[WHAT THE EXERCISE ASKS] If the records below hold pictures, omit them, and print exactly the lines from the first line through the line containing "The Learning and", inclusive.

RECORDS SHOWN section start

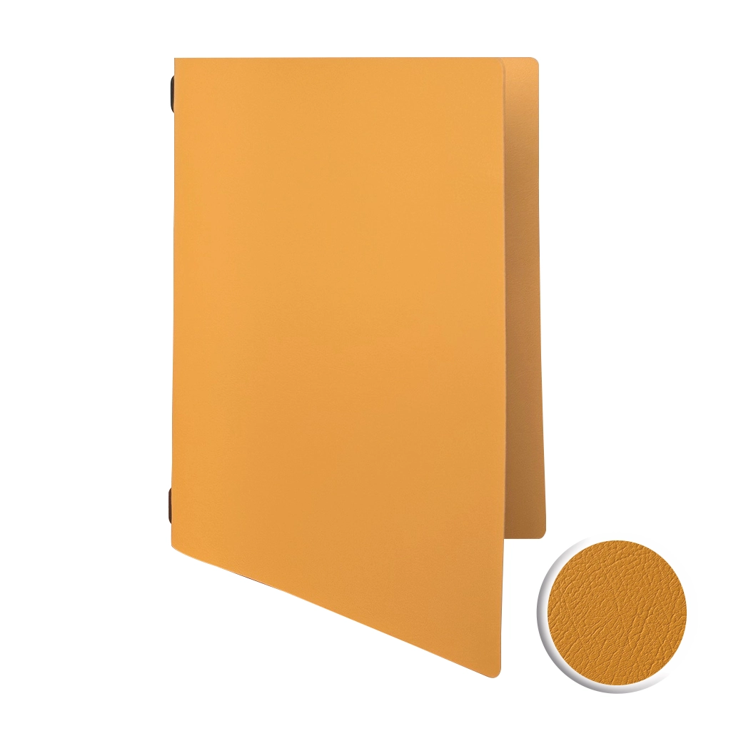 La carte de menu « Ambiente » en jaune moutarde apporte une touche originale et confère un look moderne. Fabriquée en cuir Spectro recyclé, elle allie design et durabilité. Personnalisable avec un logo – idéale pour les établissements de restauration branchés.
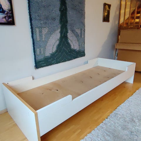 Muurame Jolla-sänky. Käytön jälkiä näkyy ja muutama tarra kyljessä (jotka saa poistettua), mutta palvelee vielä hyvin uutta nukkujaa.
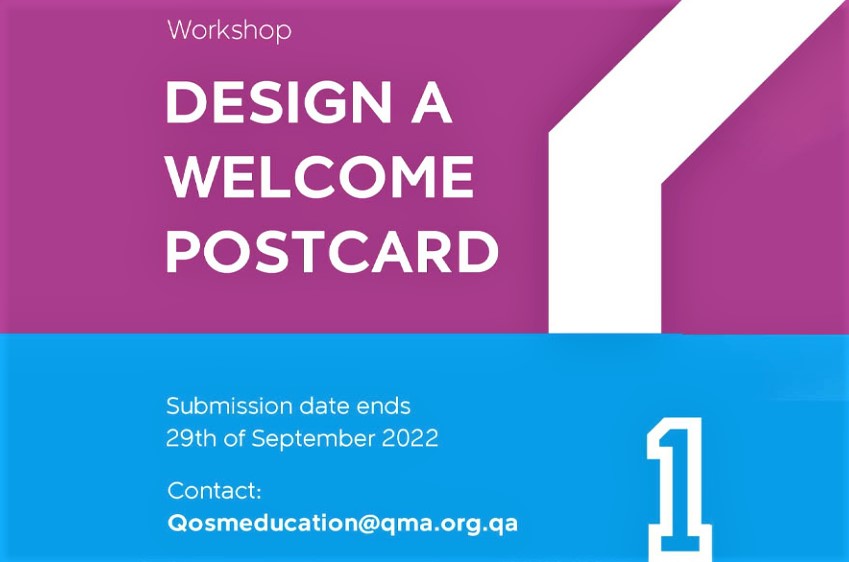 The Learning and Outreach Section at 3-2-1 Qatar Olympic and Sports Museum is encouraging you to design a welcome postcard and submit it to the QOSM reception on September 27, 2022 and no later than September 29, 2022. Contact: [email protected] or call: 4452 5200 for further inquiries.
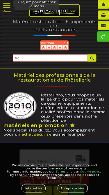 100%Restaupro, fournisseur restaurants et cuisines professionnelles, vente en ligne de matériels restauration, équipements CHR pour professionnels restauration et hôtellerie.
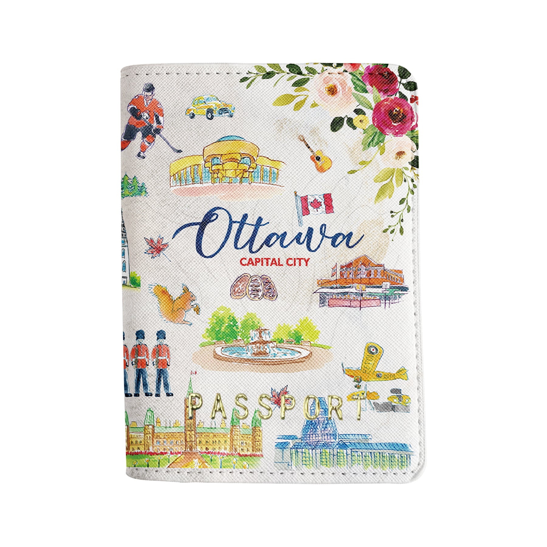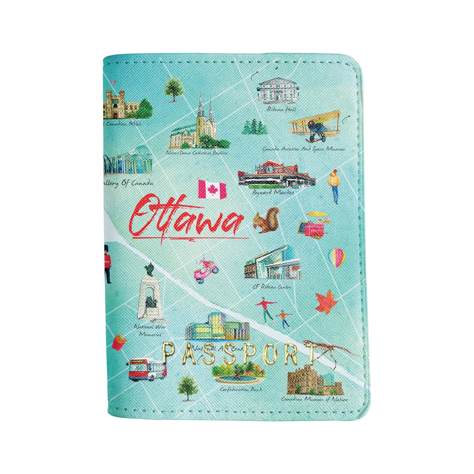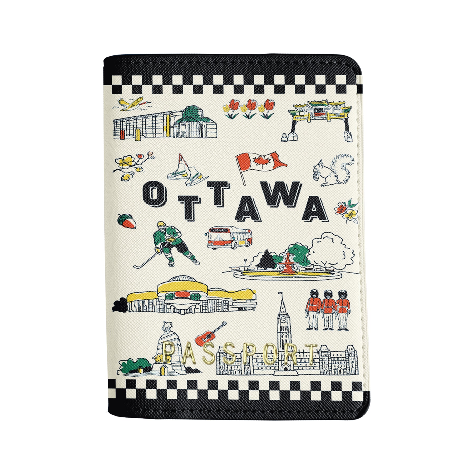 Ottawa Illustrated Passport Cover Travel Protector Case for Canada Trips
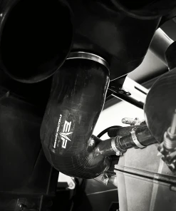 EVP’s new proprietary HFI design is offered in three unique kits tailored specifically for Stock turbochargers, EVP Dynomite and Desert Storm turbo systems. The EVP HFI features a free-flowing design that supplies smooth, uninhibited airflow to the turbocharger inlet. The low-restriction/high-flow filter element, EVP pre-filter and smooth silicone elbow tubes with gradual diameter taper all result in greater airflow efficiency, which means MORE POWER!
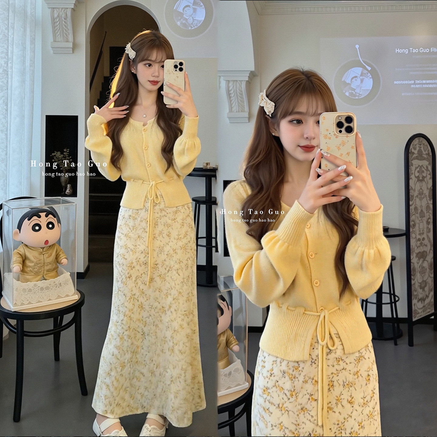 早春穿搭一整套小香风黄色针织开衫半身裙巨好看绝美漂亮两件套女
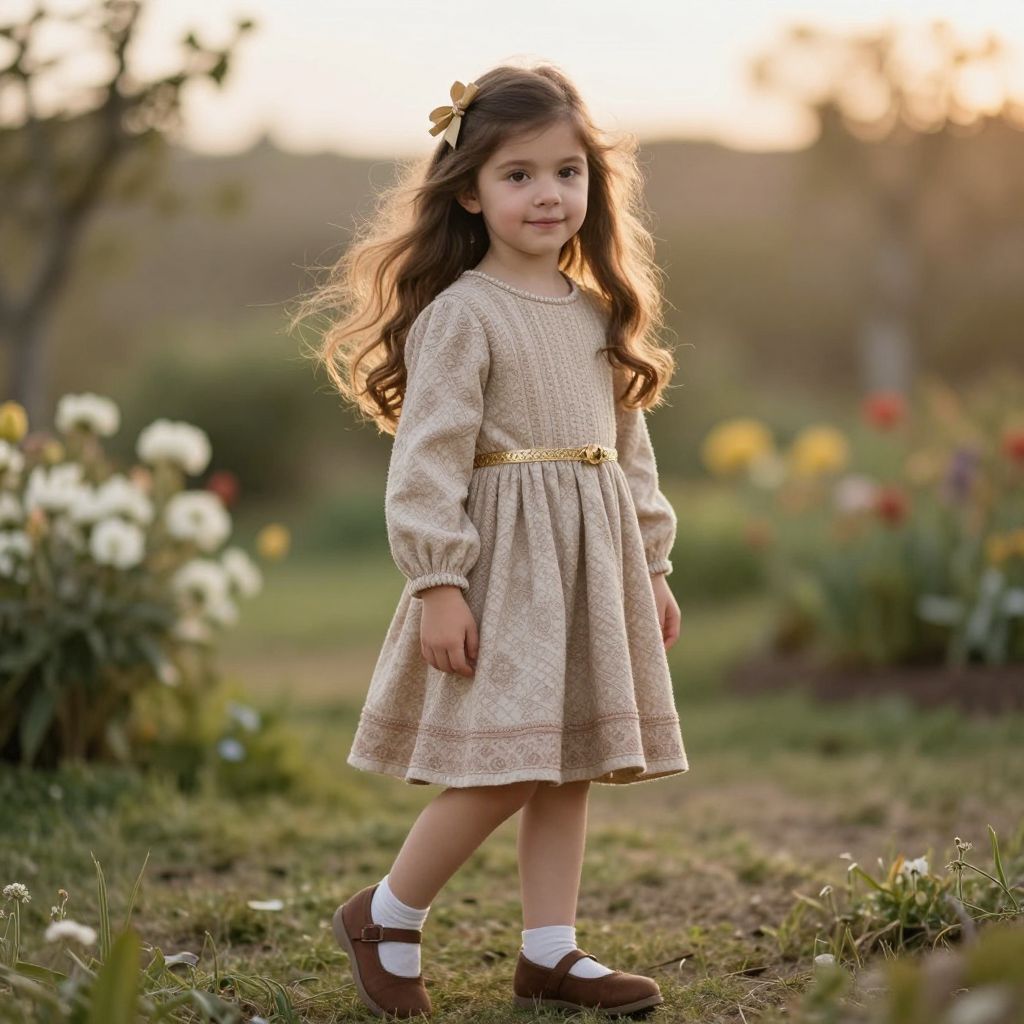 A beautiful young girl with soft brown hair, gently flowing in the breeze, wearing a stylish green dress with intricate gold buttons along the sleeves and neckline. She has a cheerful expression and bright eyes, sitting on a sunny meadow with wildflowers surrounding her. A delicate green bow is tied neatly on top of her head, adding a touch of elegance and charm. The scene is painted in warm, natural lighting with a serene and peaceful atmosphere.
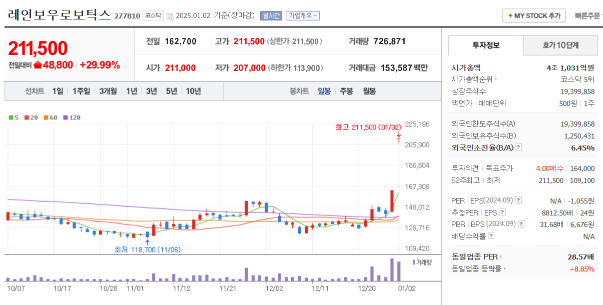 가지고 있기 때문에 오늘 삼성전자와 레인보우로보틱스 이슈로 인해 관련주로 상한가 마감했네요.

RECORDS SHOWN section end

[FINISHED TASK]
 La carte de menu « Ambiente » en jaune moutarde apporte une touche originale et confère un look moderne. Fabriquée en cuir Spectro recyclé, elle allie design et durabilité. Personnalisable avec un logo – idéale pour les établissements de restauration branchés.
 Muurame Jolla-sänky. Käytön jälkiä näkyy ja muutama tarra kyljessä (jotka saa poistettua), mutta palvelee vielä hyvin uutta nukkujaa.
 The Learning and Outreach Section at 3-2-1 Qatar Olympic and Sports Museum is encouraging you to design a welcome postcard and submit it to the QOSM reception on September 27, 2022 and no later than September 29, 2022. Contact: [email protected] or call: 4452 5200 for further inquiries.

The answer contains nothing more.